At the Earth's Core is a 1914 fantasy novel by American writer Edgar Rice Burroughs, the first in his series about the fictional "Hollow Earth" land of Pellucidar. It first appeared as a four-part serial in All-Story Weekly from April 4 to 25, 1914. It was first published in book form in hardcover by A. C. McClurg in July, 1922.

==Plot summary==
The author relates how, traveling in the Sahara desert, he has encountered a remarkable vehicle and its pilot, David Innes, a man with a remarkable story to tell.

David Innes is a mining heir who finances the experimental "iron mole," an excavating vehicle designed by his elderly inventor friend Abner Perry.
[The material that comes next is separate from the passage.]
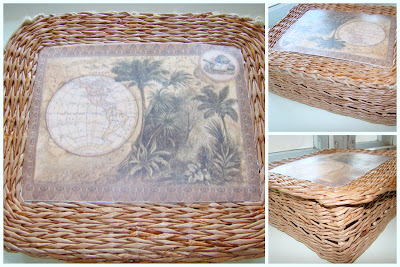 Для плетения трубочек использовала светлый край рекламных газет.Сначала покрасила их морилкой,а затем уже плела.Для оформления крышки использовала рисовую бумагу.Когда увидела изображение старой карты,сразу понял,то что надо!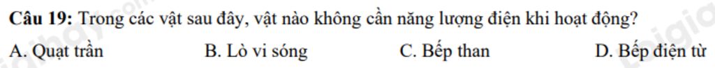 `@` Bếp than không cần năng lượng điện khi hoạt động mà cần nhiên liệu than để hoạt động.

In a test run, they discover the vehicle cannot be turned, and it burrows 500 miles into the Earth's crust, emerging into the unknown interior world of Pellucidar. In Burroughs' concept, the Earth is a hollow shell with Pellucidar as the internal surface of that shell.

Pellucidar is inhabited by prehistoric creatures of all geological eras, and dominated by the Mahars, a species of large, Rhamphorhynchus-like pterosaur both intelligent and civilized, but which enslaves and preys on the local Stone Age humans. Innes and Perry are captured by the Mahars' gorilla-like Sagoth servants and taken with other human captives to the chief Mahar city of Phutra. Among their fellow captives are the brave Ghak, the Hairy One, from the country of Sari, the shifty Hooja the Sly One and the lovely Dian the Beautiful of Amoz.

David Innes, attracted to Dian the Beautiful, defends her against the unwanted attentions of Hooja the Sly One, but due to his ignorance of local customs she assumes he wants her as a slave, not a friend or lover, and subsequently snubs him. Only later, after Hooja slips their captors in a dark tunnel and forces Dian to leave with him, does David learn from Ghak the cause of the misunderstanding.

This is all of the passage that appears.